Total planned investment in the Vermonter—including in Massachusetts and Connecticut—will reduce New York-St. Albans travel time by about two hours, far more than the 28 minutes you cited. Moreover, it is absurd to imply that extending the train north to a major destination like Montreal would not produce a big ridership increase. As for the present service, talk of putting Essex Junction passengers on a bus ignores the many intermediate stops the train serves.
As for California high speed rail, it takes time to build new rights-of-way in a democracy, unlike in China. California has awarded a contract, and construction is to begin this summer.
The federal High Speed and Intercity Passenger Rail program aims to make train travel more reliable and attractive for many Americans. When the program was launched, President Obama himself made clear that much of the money would upgrade “existing infrastructure.”
The $52.7 million that the federal government spent to upgrade the Vermonter route within Vermont is small by transportation standards. The Vermont Agency of Transportation received $241.2 million in Recovery Act money, most of which was spent on roads. The federal government spent $6 million in 2012 to repave about six miles of two-lane highway between Chelsea and Vershire, VT, and $6.3 million was spent to improve just one airport runway in Barre, VT. All of these infrastructure elements, including rail, will serve surrounding communities for decades.
Finally, walking along railroad tracks, as Mr. Griffin was seen doing, is trespassing and unsafe. Even on a lightly used railroad, one should always expect a train. Did Mr. Griffin check freight train movements before walking on the tracks?
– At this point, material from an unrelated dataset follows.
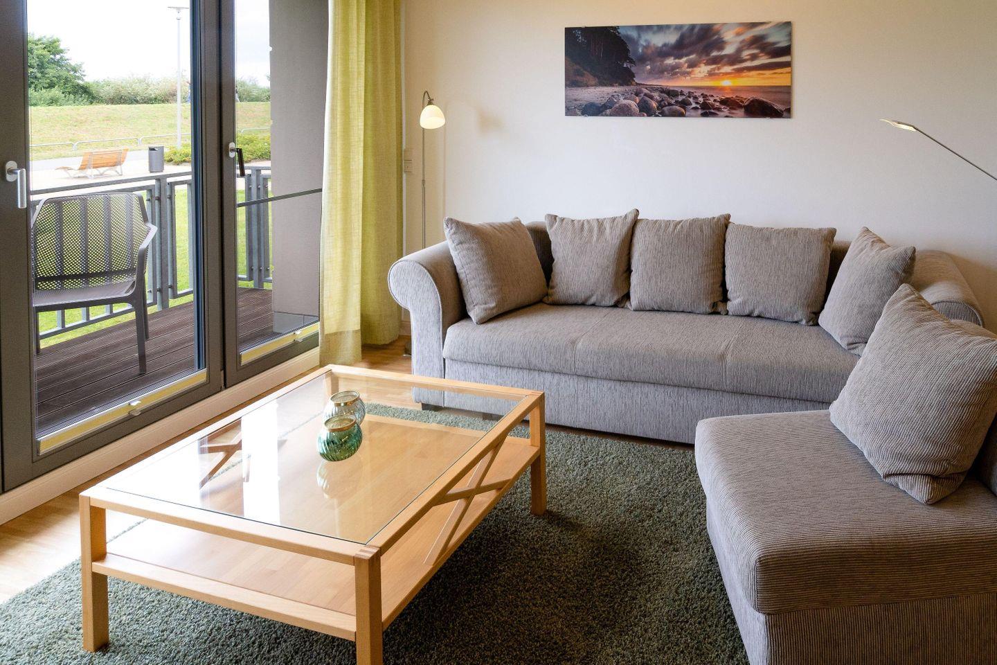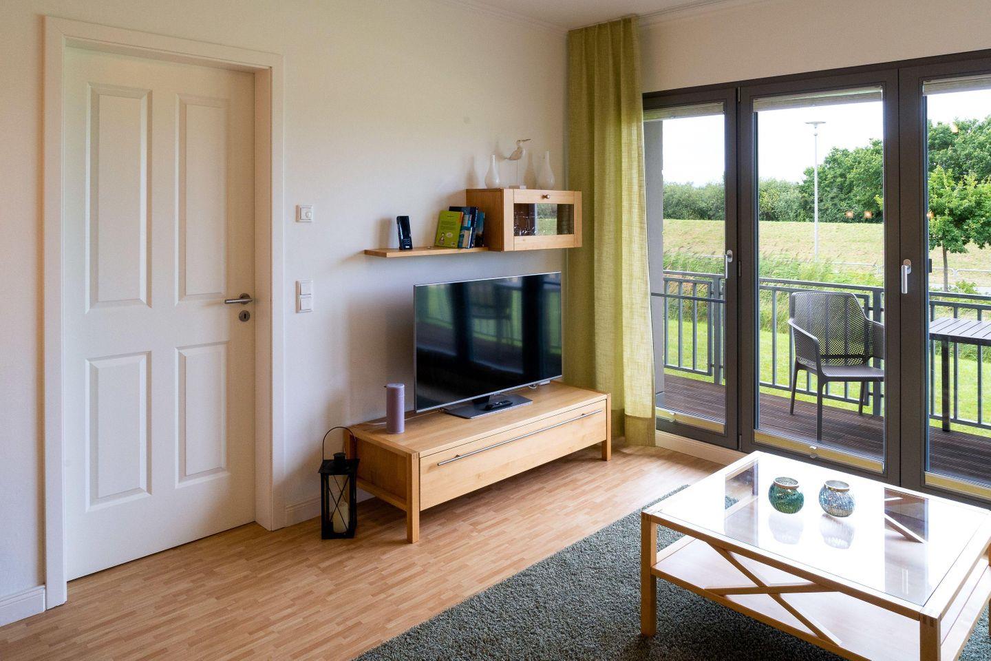 STRANDNAHE HELLE 2-RAUMWOHNUNG FÜR MAX. 2 ERWACHSENE UND 1 KIND, MIT BALKON, UNVERBAUTEM BLICK ZUM DEICH (OSTSEESEITE) IM EG (HOCHPARTERRE).

Do you think that viewers who might be tempted to follow his example would do so?
In future coverage of passenger train development, we urge you to consider the points raised in this letter and not to confine advocacy interviews to the Cato Institute. For further background on our views, see my testimony before the House Transportation & Infrastructure Committee. Links to the two recent hearings where I appeared can be found on NARP's website, here (which is on exactly the subject of your piece) and here (on a panel that also included Mr. O’Toole), and also archived on the Committee's web site.
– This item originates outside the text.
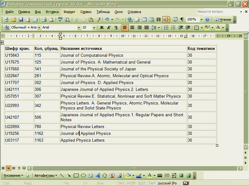 Рис.4 Результат выборки по коду тематики 30 (последняя страница результирующей таблицы сохранена в WORD)

--Ross Capon, President & CEO, National Association of Railroad Passengers
Comments
A major plan is to extend service to Montreal but they barely mentioned that. Extending the service would open better trade between the U.S. and Canada.
The sad part is that CNN's biased reporting may be believed by those who do not engage in critical thinking nor in news analysis.
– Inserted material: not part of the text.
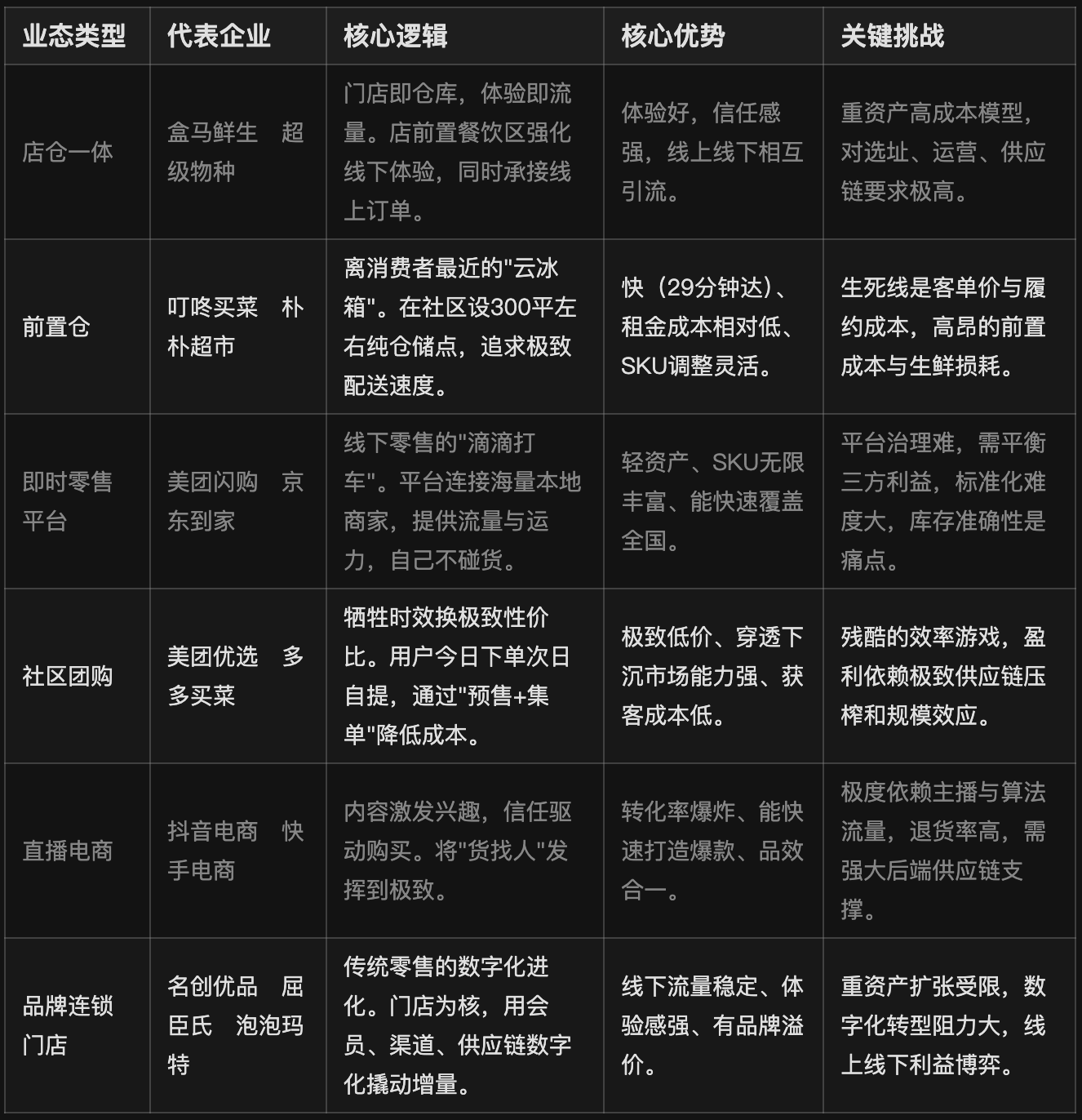 关键挑战:不够即时(次日达)、品控难(团长非专业零售从业者)、竞争激烈(至今无一家真正盈利)。

I guess HSR is just fodder for the media to spin as the like just like everything else we try to do in this country.
The media's problem is that HSR is in Europe and it works quite well. And is actually profitable in some country's. but they dont want us to know that.
$52.7 million might be "small by transportation standards"; however, $52.7 million is still an enormous amount of money. When spending this amount of taxpayer money, it is certainly not enough make highly generalized comments in support of the project. The benefits that the project will provide need to be quantified in much more detail, to justify the $52.7 million investment in the first place. While I (nor CNN) am in no way denying the value that this project brings, my belief (and the whole idea of the CNN report) is that this value is far less than the $52.7 million investment that was made.
As I mentioned previously, I am a big supporter of developing high-speed rail in the US. However, my support is not indiscriminate - any given project needs to make fiscal sense on an individual basis. The value that high-speed rail would provide to California should far exceed the investment; unfortunately, this does not appear to be the case in Vermont.